The spacecraft has just posted its fifth full year of data on asteroids and comets orbiting the sun near Earth. But scientists already know the mission won't last forever. They are turning their thoughts to what should come next as they work to make sure humans aren't caught unawares by solar system rubble that could wreak havoc on Earth.
"NEOWISE recently surpassed 95 billion recorded measurements of asteroids, comets, stars and galaxies — a remarkable accomplishment for a recycled spacecraft," Lindley Johnson, NASA's planetary defense officer and head of the Planetary Defense Coordination Office at NASA, said in a statement.

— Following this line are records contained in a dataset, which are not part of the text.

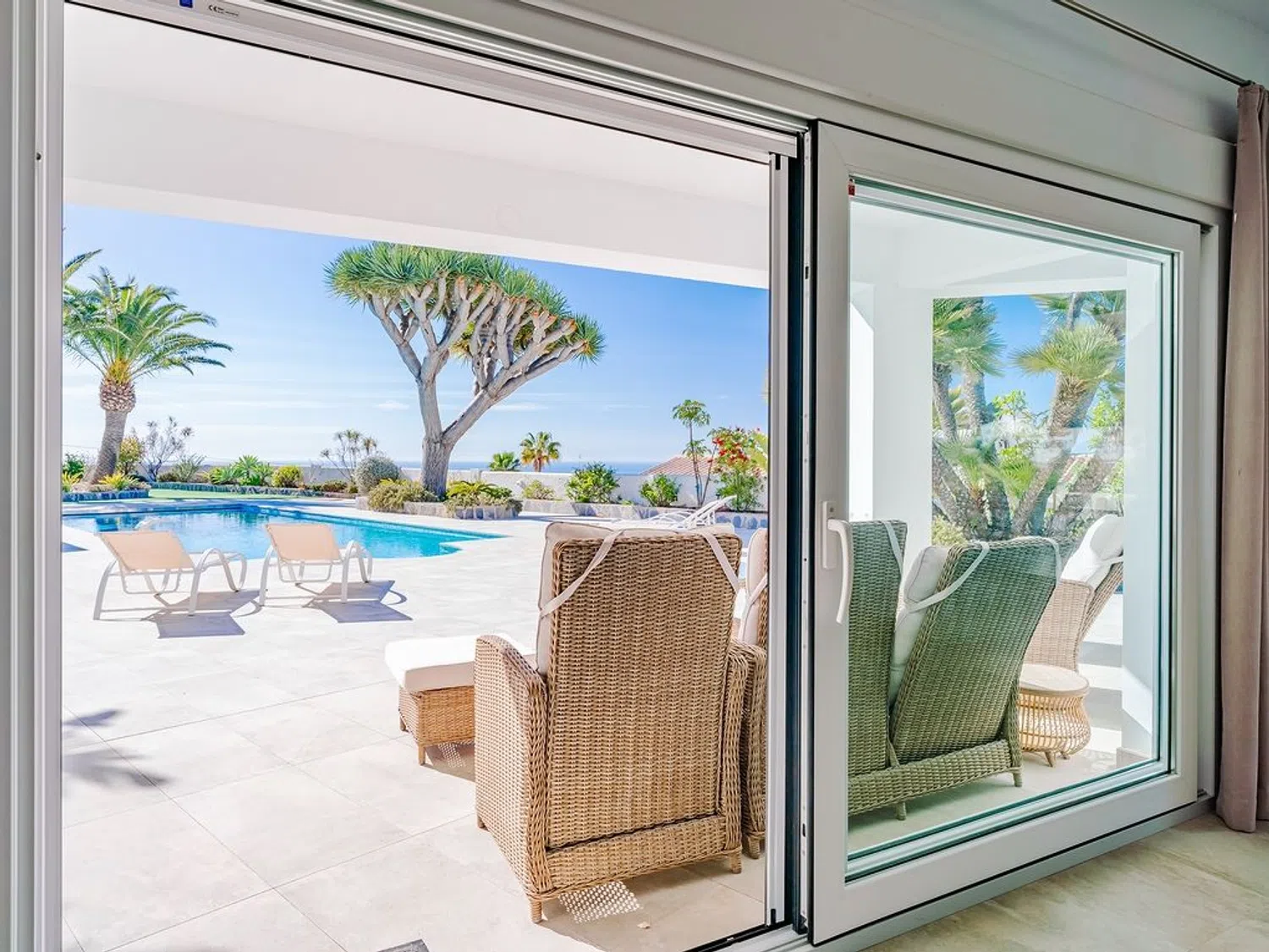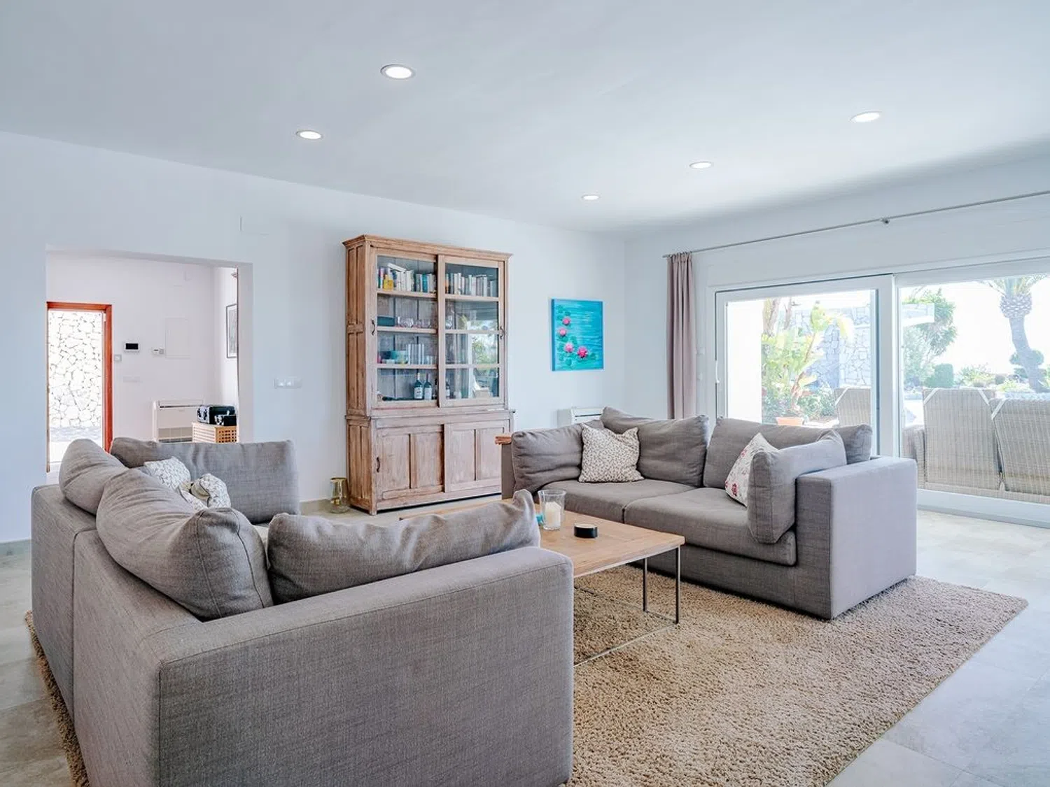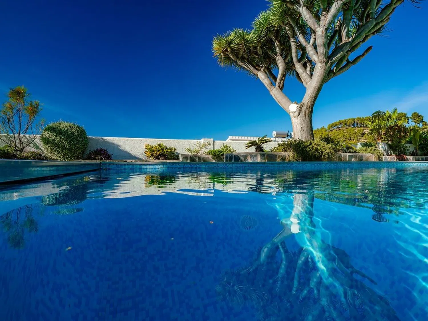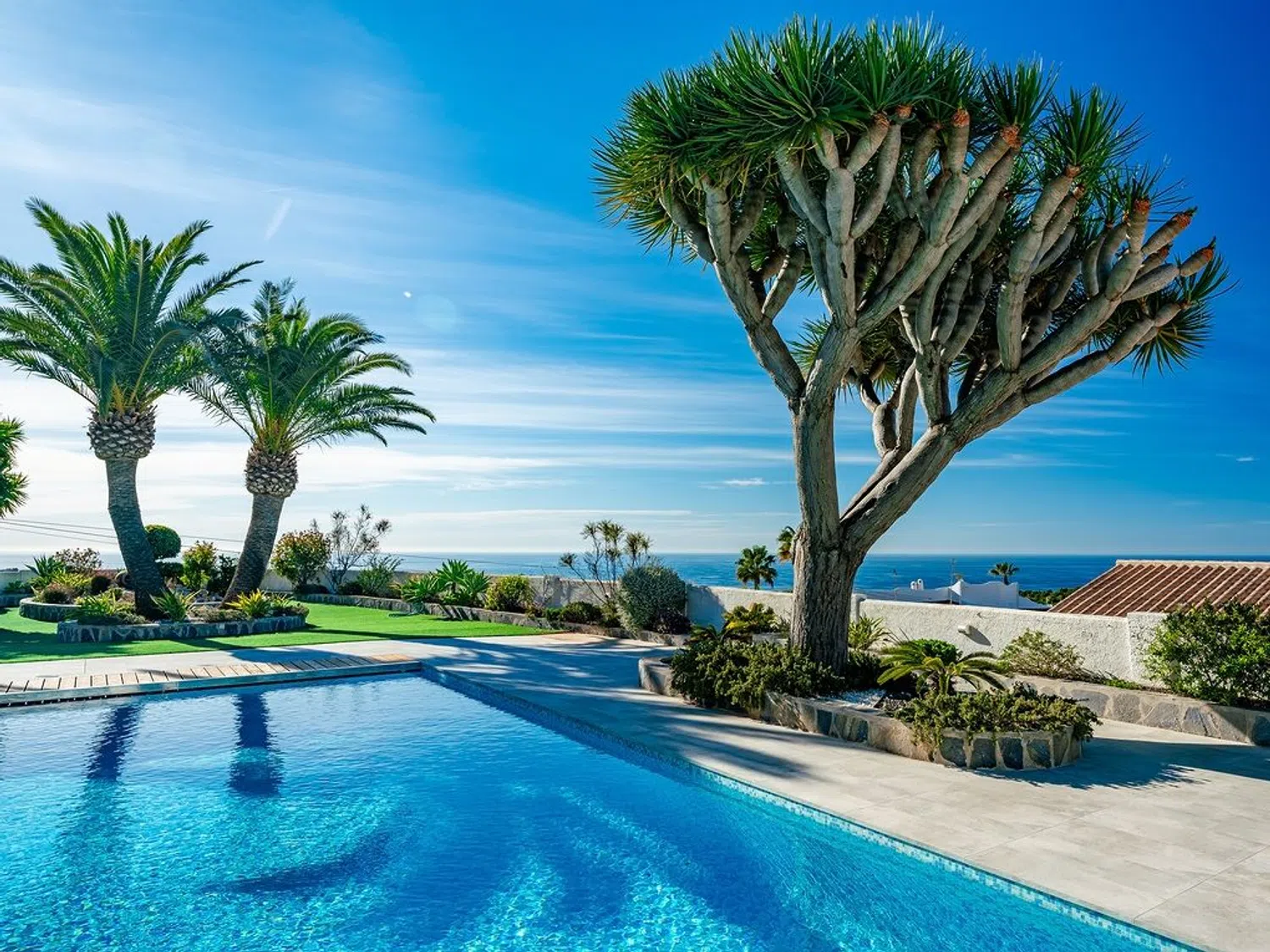 Der separierte Schlafbereich bietet viel Privatsphäre und verfügt über ein Hauptschlafzimmer mit eigenem Bad und Zugang zur Terrasse, sowie zwei weitere Schlafzimmer und ein zusätzliches Badezimmer. Im Außenbereich wurde großer Wert auf indirekte Beleuchtung gelegt, die eine einzigartige und ganz besondere Atmosphäre schafft, insbesondere in der Nacht, mit dem großen Pool, der Sauna (mit beneidenswertem Ausblick) und dem beeindruckenden Mittelmeer als Kulisse zum Entspannen und Abschalten bei einem Glas Wein.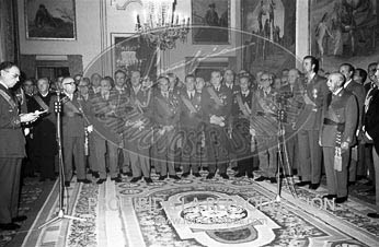 El Príncipe D. Juan Carlos acompaña al Caudillo en la recepción con motivo de la Pascua Militar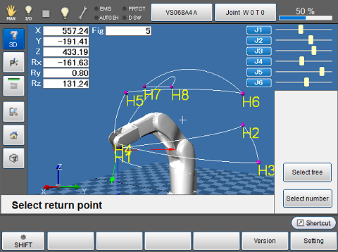 Pressing the [Select free] button or the [Select number] button will takes you to the home position selection screen.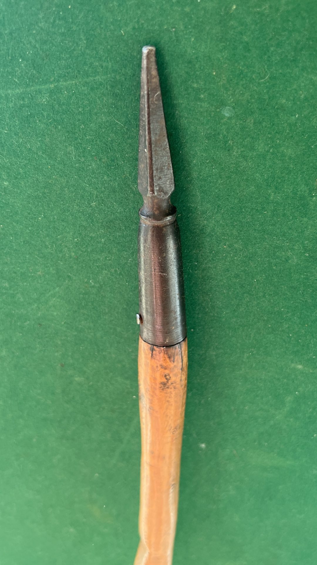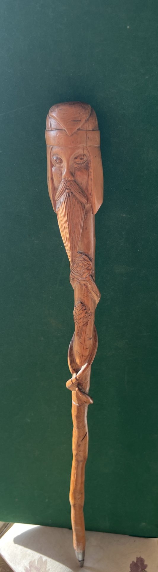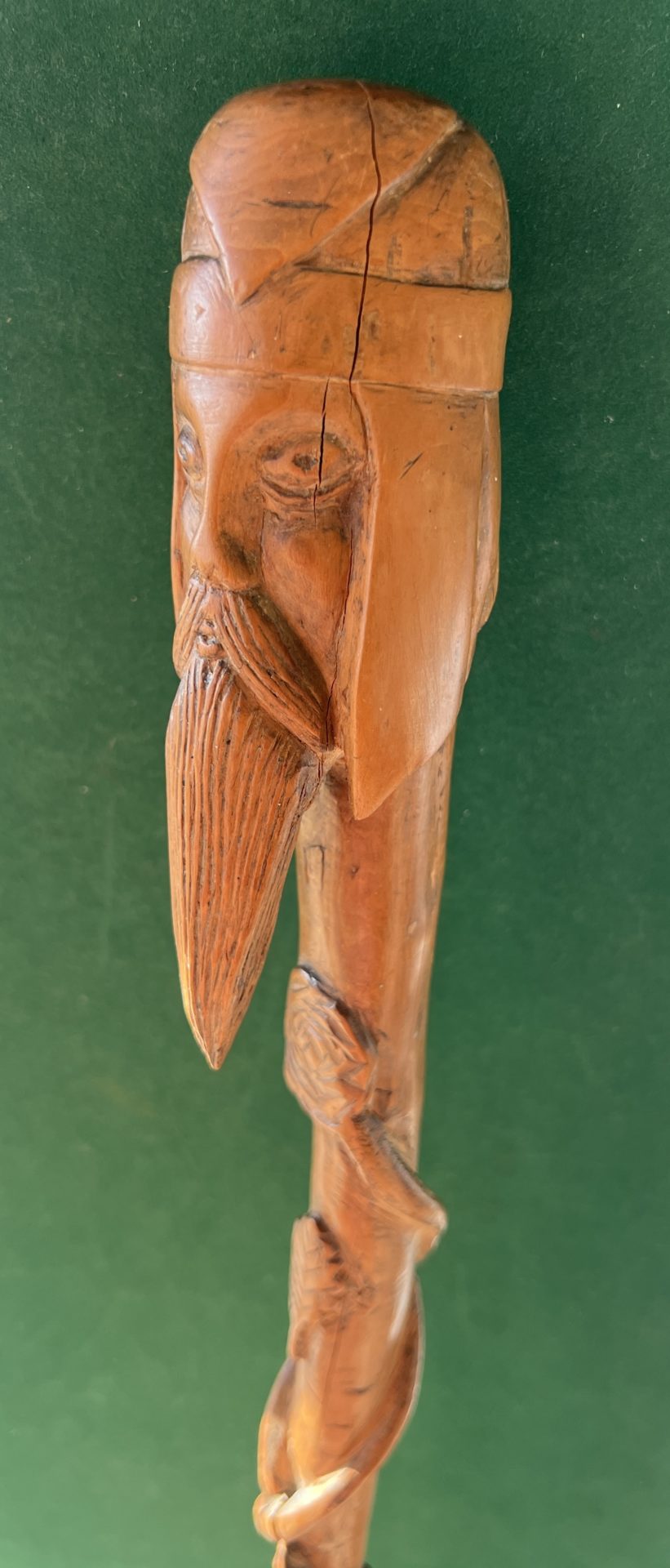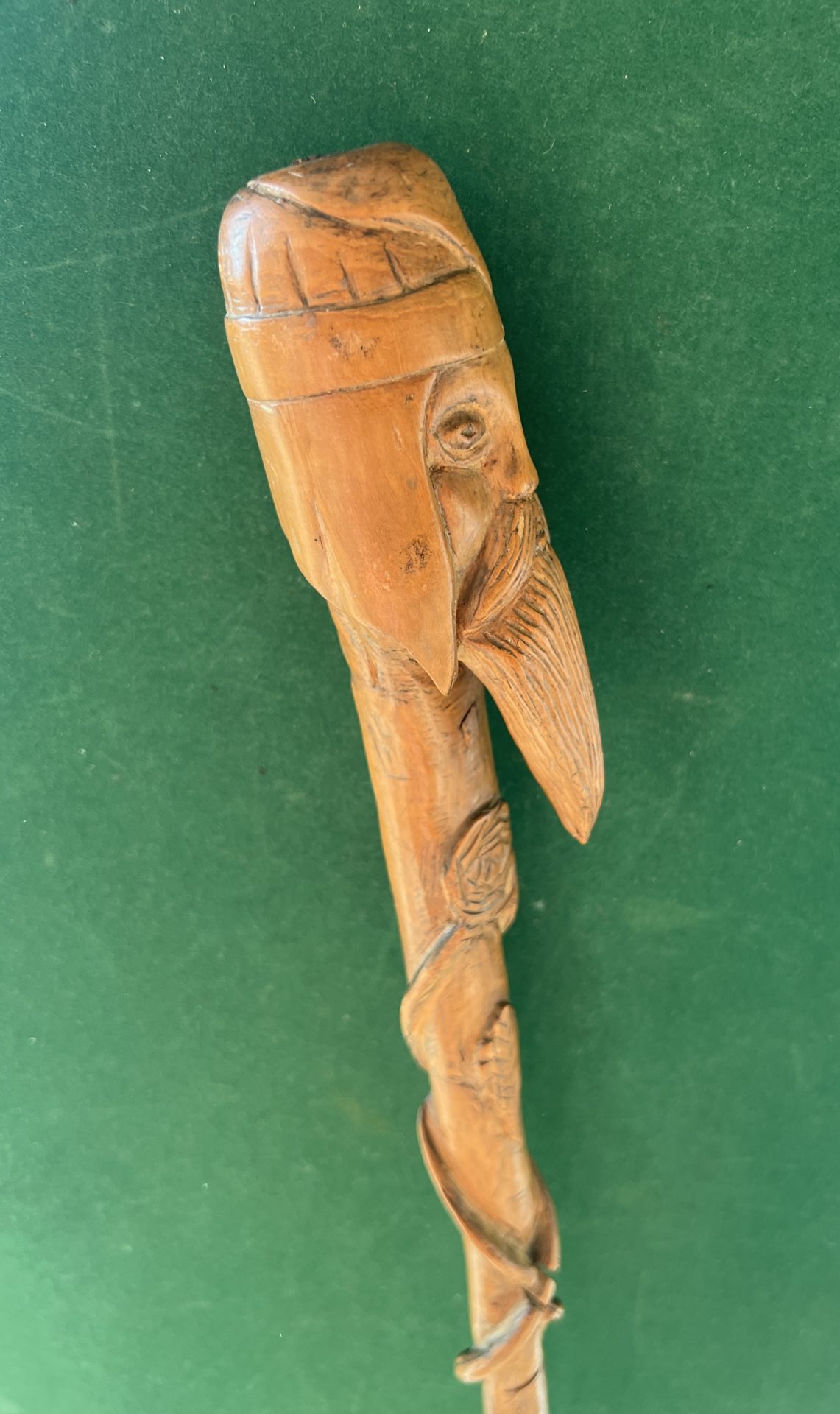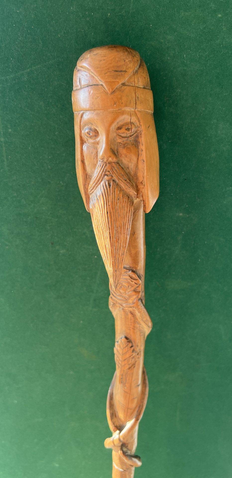 Canne populaire monoxyle en buis - le fût est travaillé feuilles et médaille - la férule en fer forgée mesure 12cm longueur de la canne 90 cm - époque 1919 -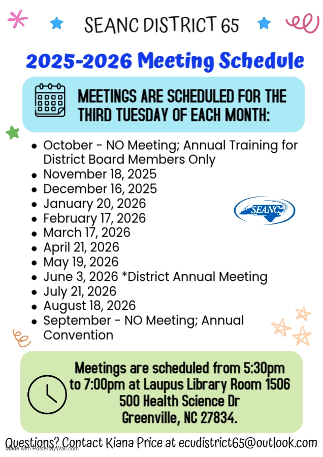 The SEANC District 65 Executive Board meets the third Tuesday of every month at 5:30 pm in Greenville at the Laupus Library, 500 Health Science Drive.

"This asteroid hunter has measured the sizes of more than 1,000 near-Earth asteroids and is still producing great data, making it a unique asset in our portfolio of asteroid-hunting telescopes and an important prototype for an upcoming space-based NEO survey mission," he added.
Tens of thousands of space rocks pass in and out of Earth's neighborhood. But if scientists can watch them for a while, the researchers can calculate the orbital paths of these objects and determine whether they pose a risk to life on Earth.
There's just one problem: These objects are hard to see in visible light. "NEOs are intrinsically faint because they are mostly really small and far away from us in space," Amy Mainzer, principal investigator of the NEOWISE mission and an astronomer at NASA's Jet Propulsion Laboratory in California, said in a separate statement. "Add to this the fact that some of them are as dark as printer toner, and trying to spot them against the black of space is very hard."
So, NEOWISE works by studying infrared light, in which asteroids and comets appear bright. The mission has identified more than 300 previously unknown objects and has gathered a host of observations about space rocks originally spotted by other instruments.
All of that information provides the details that scientists need to feed their calculations. That way, if they spot an asteroid that will pass a little too close for comfort, humans will have time to decide to do something that would steer the space rock off course.
But it's not just about planetary defense; there's plenty of science to be done with this data as well. "These objects are intrinsically interesting because some are thought to be as old as the original material that made up the solar system," Mainzer said. "One of the things that we have been finding is that NEOs are pretty diverse in composition."
Because of the multifaceted utility of the NEOWISE data, Mainzer and her colleagues are already designing a mission that could succeed it. That mission, the Near-Earth Object Camera (NEOCam), would use a purpose-built telescope this time but follow the same principles as NEOWISE.